Vos genoux et vos orteils ne sont pas alignés.

Quand quelqu'un effectue un squat, il est courant de voir ses genoux s'effondrer l'un vers l'autre pendant un squat (pensez à «cogner les genoux»). Cette instabilité est souvent due à la faiblesse d'un petit muscle important à l'extérieur de la hanche appelé le gluteus medius, qui peut provoquer l'effondrement des genoux vers l'intérieur au lieu de rester alignés verticalement sur les orteils. Pour renforcer le moyen fessier, vous pouvez effectuer des soulèvements de jambe allongés sur le côté avec un poids de cheville ou une bande de résistance enroulée autour des deux chevilles.

Vous n'engagez pas tous vos muscles.

Vous avez probablement remarqué des quadriceps douloureux un jour ou deux après de nombreux squats, mais si vos fessiers et vos fléchisseurs de hanche ne sont pas un peu douloureux aussi, vous ne les engagez peut-être pas assez. Si vous laissez la gravité faire trop de travail pour vous entraîner dans un squat, vos muscles auront peut-être un peu de liberté. Surtout lorsque vous vous abaissez dans le squat, pensez à contracter vos fessiers, vos jambes et même votre musculature centrale. Cela aide à stabiliser le corps et soulage les articulations du genou.

Votre programme de formation doit être peaufiné.

Même avec une forme correcte, vous pourriez sentir vos genoux grogner en signe de protestation si vous en faites trop avec vos entraînements ou si vous en faites trop trop tôt. N'oubliez pas de donner à vos jambes des jours de repos, surtout lorsque vous recommencez à faire de l'exercice ou que vous essayez de nouveaux entraînements inhabituels.

Vous avez une affection ou une blessure au genou.

«Un autre problème pourrait être un type de lésion au genou», explique Shelton. «Si, en fait, vous effectuez le squat avec une forme appropriée et que vous ressentez toujours de l'inconfort, cela peut valoir la peine de faire une enquête plus approfondie, afin de ne pas aggraver un problème sous-jacent dont vous pourriez ne pas être conscient.» Si vous avez certaines affections du genou comme l'arthrose, la tendinite ou une entorse ligamentaire, vous devriez toujours consulter votre médecin, qui peut recommander une thérapie physique ou un traitement alternatif ou de l'exercice.
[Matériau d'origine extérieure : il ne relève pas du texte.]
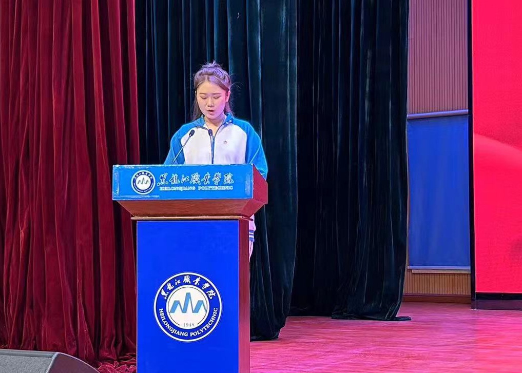 随后岗位实习学生代表李琦琦上台发言。她代表2022级全体学生感谢学院领导和老师们在校期间的悉心指导,让他们懂得岗位实习是连接理论与实践的桥梁,是自我提升和明确职业方向的宝贵机会。她表示将珍惜这次岗位实习机会,努力学习,不断进步,为将来的职业生涯奠定坚实基础。

Combien de fois puis-je m'accroupir chaque semaine?

Si vous aimez les squats et que vous avez corrigé des problèmes de forme, des déséquilibres musculaires ou des blessures qui avaient causé des douleurs au genou, il n'y a aucune raison pour que vous ne puissiez pas les ajouter en toute sécurité à votre programme d'entraînement plusieurs fois par semaine. «Les squats sont l'un des principaux modèles de mouvement que vous devriez intégrer à presque tous les entraînements de force», explique Johnson.

Samuela ajoute que vous pouvez ajouter en toute sécurité des squats à votre routine d'entraînement quotidienne, qu'ils fassent partie de l'échauffement ou qu'ils soient au centre de l'entraînement. Mais s'il s'agit de votre premier rodéo avec des squats, n'oubliez pas de vous détendre et de progresser lorsque vous commencez à vous sentir plus fort; rester sans blessure est la clé. Commencez de manière prudente (environ 10 par séance d'entraînement) et augmentez votre progression, en fonction de la tolérance de votre corps.

Les squats sont un excellent exercice à ajouter à vos entraînements et peuvent être parfaitement sûrs et sains. Les experts en fitness conviennent qu'il n'y a aucune raison d'éviter les squats si vous les effectuez correctement, mais un alignement et une exécution appropriés sont essentiels. Si vous ne faites pas correctement les squats, vous pourriez facilement ressentir une douleur au genou ou vous blesser, alors assurez-vous de perfectionner votre forme et votre technique.

Les squats aident-ils vraiment vos fesses? Nous avons demandé à un formateur.